## WHAT IS BEING ASKED
Find and copy each line of the listing below that has the word "with" in it.

## RECORDS FOR THIS TASK
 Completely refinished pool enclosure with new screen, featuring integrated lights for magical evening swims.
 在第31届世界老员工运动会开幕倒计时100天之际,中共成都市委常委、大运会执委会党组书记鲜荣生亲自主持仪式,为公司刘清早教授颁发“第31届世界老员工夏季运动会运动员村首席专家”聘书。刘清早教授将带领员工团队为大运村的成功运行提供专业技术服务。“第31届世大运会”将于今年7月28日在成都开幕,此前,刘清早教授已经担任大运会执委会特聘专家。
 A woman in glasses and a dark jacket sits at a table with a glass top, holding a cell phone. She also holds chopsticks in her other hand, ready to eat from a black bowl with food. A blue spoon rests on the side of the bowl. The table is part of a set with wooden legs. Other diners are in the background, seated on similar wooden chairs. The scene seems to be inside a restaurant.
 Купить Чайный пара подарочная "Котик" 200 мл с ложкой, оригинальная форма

--

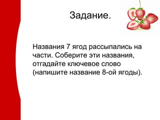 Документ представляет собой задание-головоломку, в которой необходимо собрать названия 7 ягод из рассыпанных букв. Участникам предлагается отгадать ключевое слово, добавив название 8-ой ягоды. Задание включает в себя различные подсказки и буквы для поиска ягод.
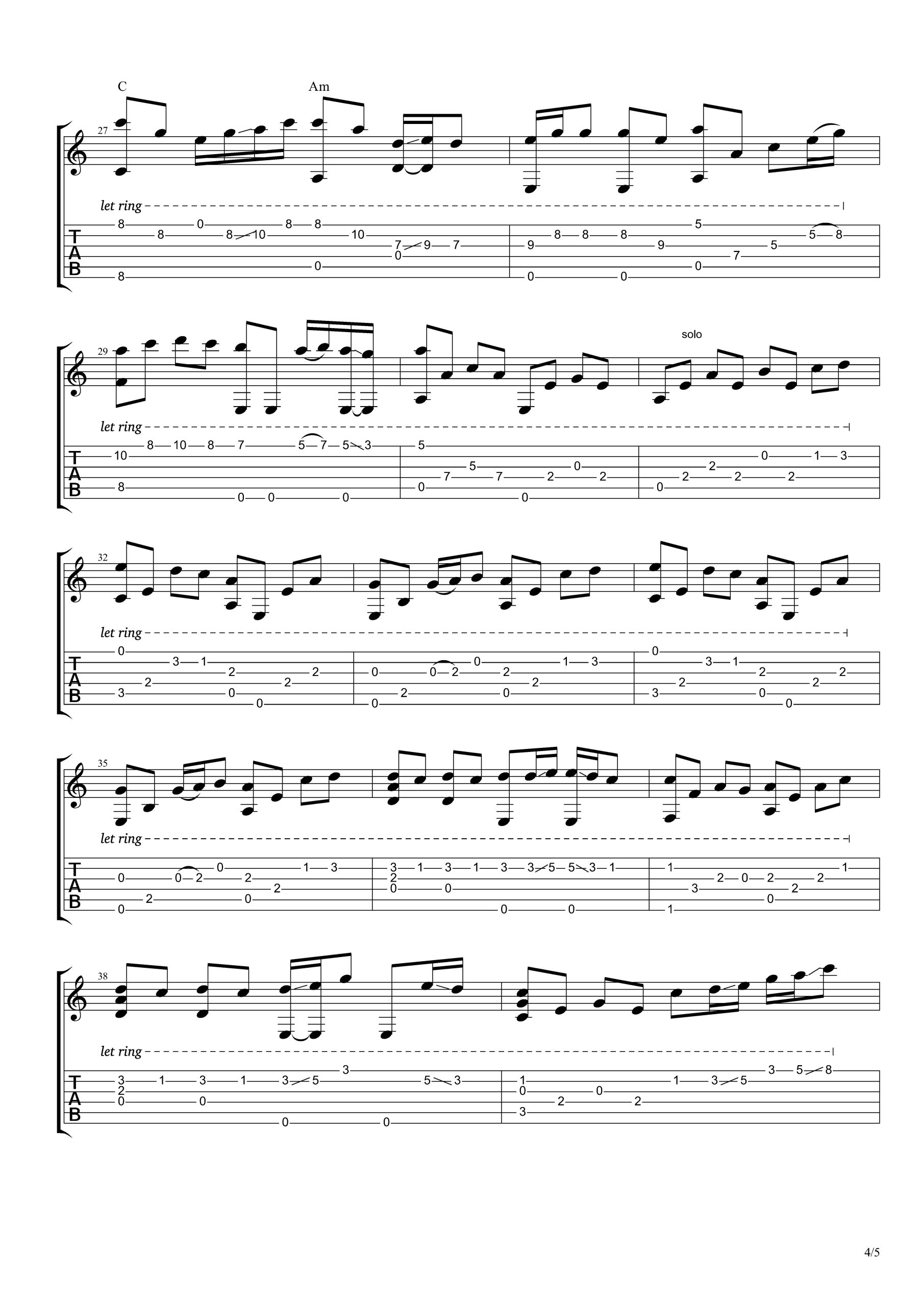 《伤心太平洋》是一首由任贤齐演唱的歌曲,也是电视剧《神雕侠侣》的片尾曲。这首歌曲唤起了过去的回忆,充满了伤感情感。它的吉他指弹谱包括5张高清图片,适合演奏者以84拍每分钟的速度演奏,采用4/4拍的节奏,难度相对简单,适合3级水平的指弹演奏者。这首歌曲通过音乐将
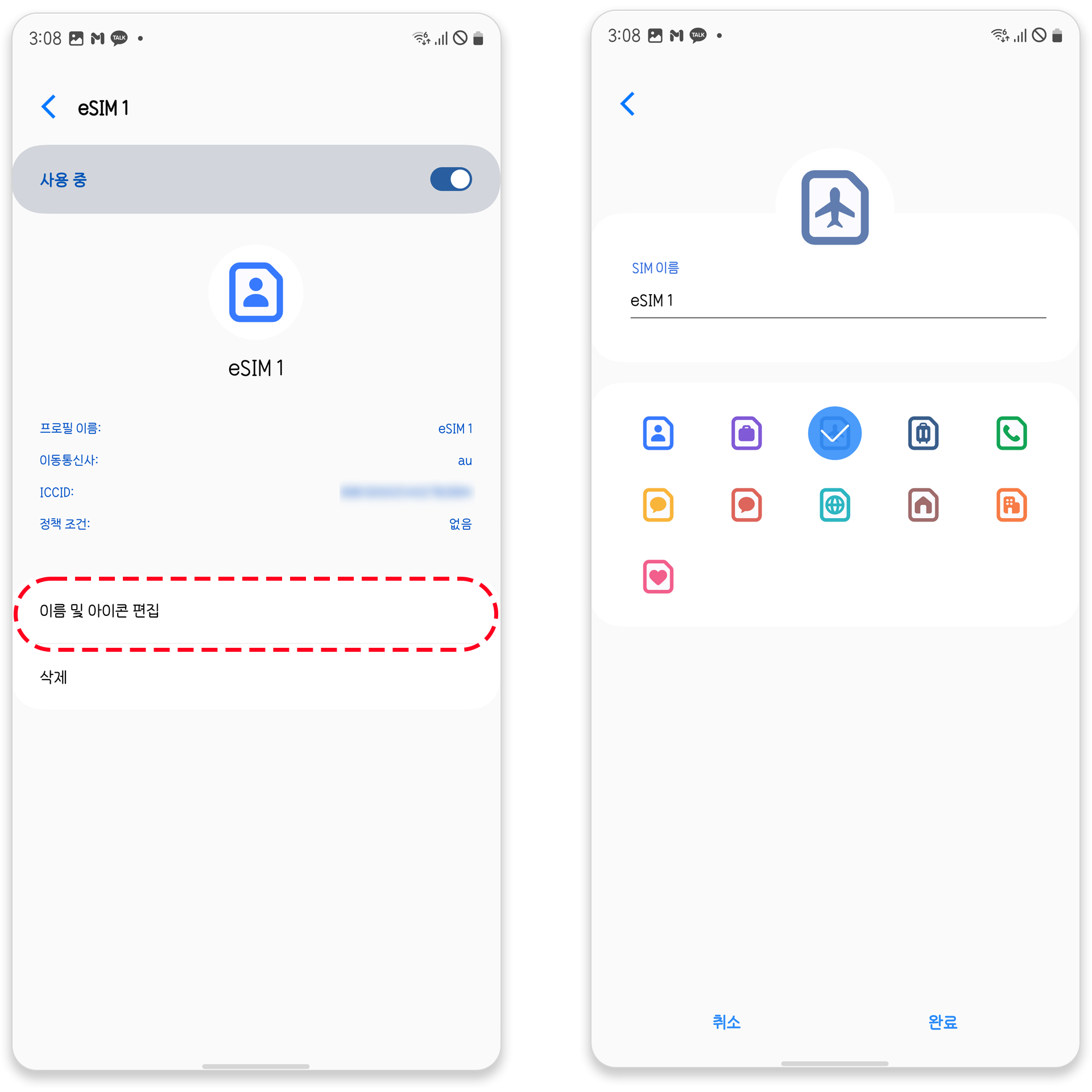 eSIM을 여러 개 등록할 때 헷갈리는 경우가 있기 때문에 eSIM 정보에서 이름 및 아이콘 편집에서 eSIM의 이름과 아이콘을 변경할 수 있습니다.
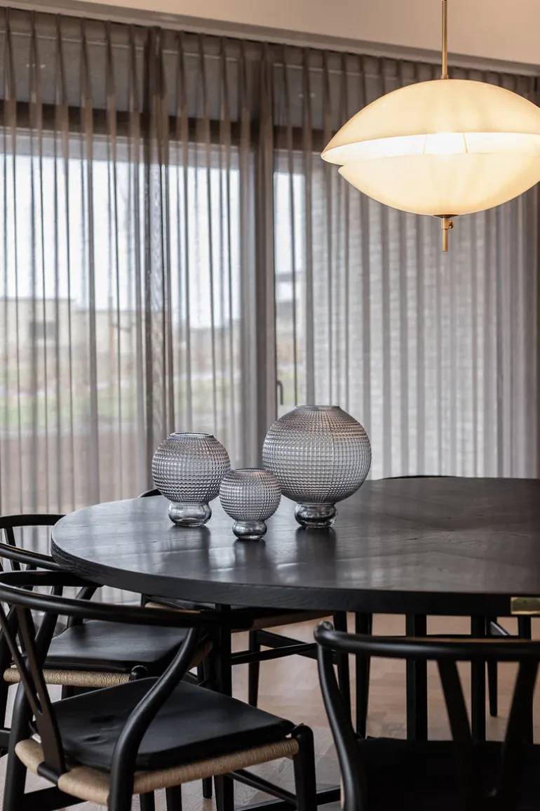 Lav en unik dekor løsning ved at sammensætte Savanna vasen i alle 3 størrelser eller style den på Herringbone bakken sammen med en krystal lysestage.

...

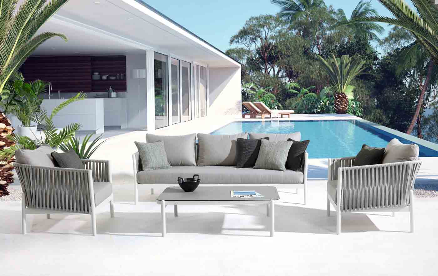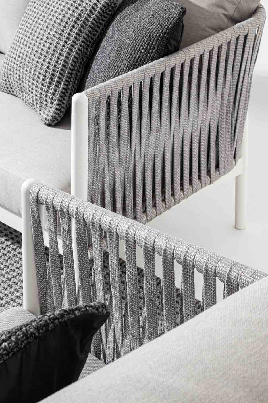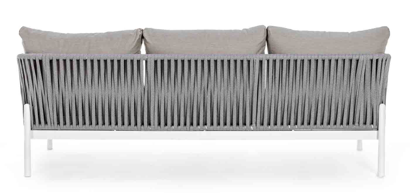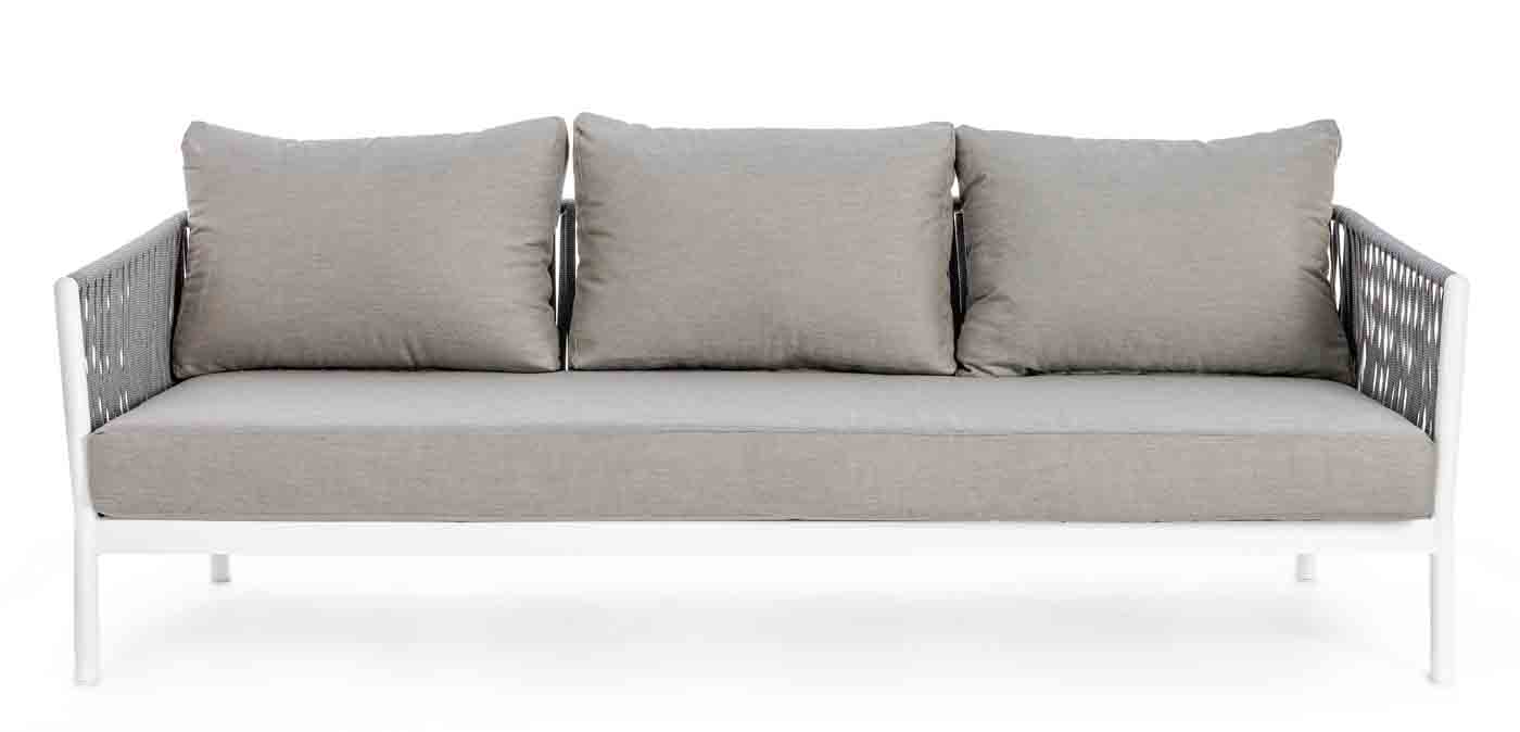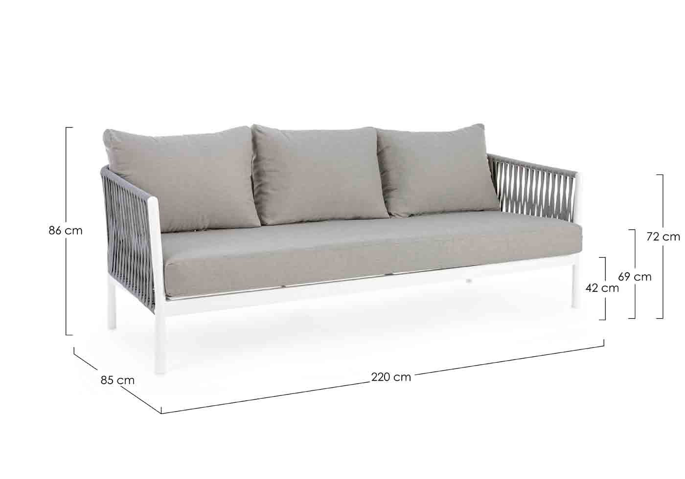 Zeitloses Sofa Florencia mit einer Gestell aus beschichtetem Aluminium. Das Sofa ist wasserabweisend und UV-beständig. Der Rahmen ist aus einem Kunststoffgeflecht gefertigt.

## OUTPUT FOR THIS TASK
 Completely refinished pool enclosure with new screen, featuring integrated lights for magical evening swims.
 A woman in glasses and a dark jacket sits at a table with a glass top, holding a cell phone. She also holds chopsticks in her other hand, ready to eat from a black bowl with food. A blue spoon rests on the side of the bowl. The table is part of a set with wooden legs. Other diners are in the background, seated on similar wooden chairs. The scene seems to be inside a restaurant.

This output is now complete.